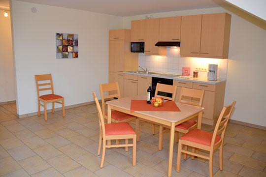 ausgestatteter Küchenzeile sowie einer großen, möblierten
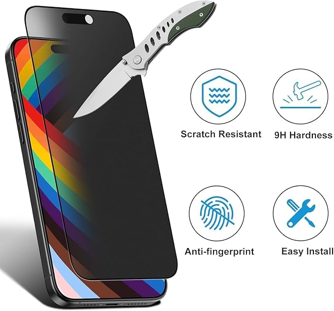 - مضادة لبصمات الأصابع وللتوهج، شاشة خصوصية بدرجة صلابة 9 H، مقاومة للخدش.
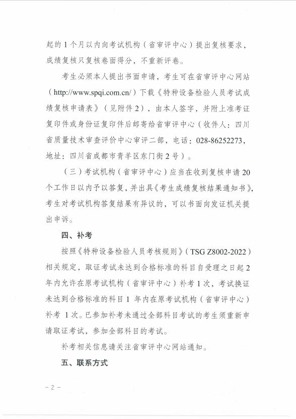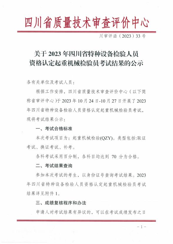 關(guān)于2023年四川省特種設(shè)備檢驗人員資格認定起重機械檢驗員考試結(jié)果的公示
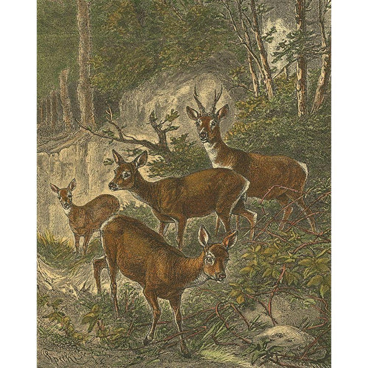 Small Roe Deer Black Modern Wood Framed Art Print with Double Matting by Specht, Friedrich
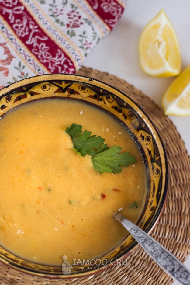При подаче дополните мерджимек чорбасы (турецкий суп-пюре из чечевицы с лимоном) свежей зеленью на свой вкус, пряностями, семенами кунжута, сухариками.
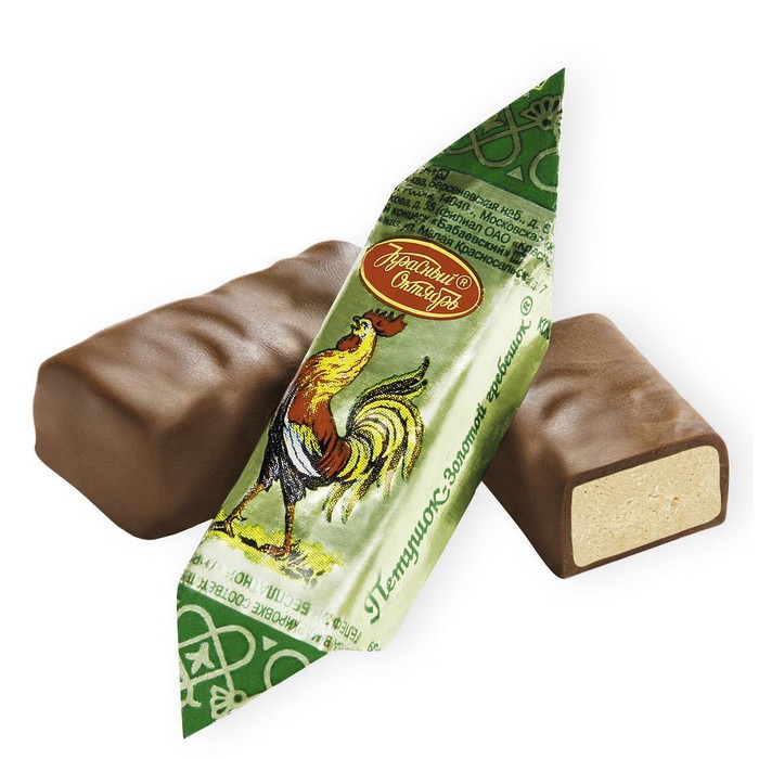 Нарядные праздничные конфеты «Петушок Золотой Гребешок» от фабрики «Красный Октябрь». Плотное светлое пралине с пряным апельсиновым ароматом, покрытое слоем темной шоколадной глазури. Многогранный вкус нежного пралине изысканно сочетается с терпковатым вкусом шоколадной глазури. Конфеты хороши как с чаем, так и с кофе.

Task brief
Once the pictures are set aside, give the rest of the listing again exactly.

Response below
 ausgestatteter Küchenzeile sowie einer großen, möblierten
 - مضادة لبصمات الأصابع وللتوهج، شاشة خصوصية بدرجة صلابة 9 H، مقاومة للخدش.
 關(guān)于2023年四川省特種設(shè)備檢驗人員資格認定起重機械檢驗員考試結(jié)果的公示
 Small Roe Deer Black Modern Wood Framed Art Print with Double Matting by Specht, Friedrich
При подаче дополните мерджимек чорбасы (турецкий суп-пюре из чечевицы с лимоном) свежей зеленью на свой вкус, пряностями, семенами кунжута, сухариками.
 Нарядные праздничные конфеты «Петушок Золотой Гребешок» от фабрики «Красный Октябрь». Плотное светлое пралине с пряным апельсиновым ароматом, покрытое слоем темной шоколадной глазури. Многогранный вкус нежного пралине изысканно сочетается с терпковатым вкусом шоколадной глазури. Конфеты хороши как с чаем, так и с кофе.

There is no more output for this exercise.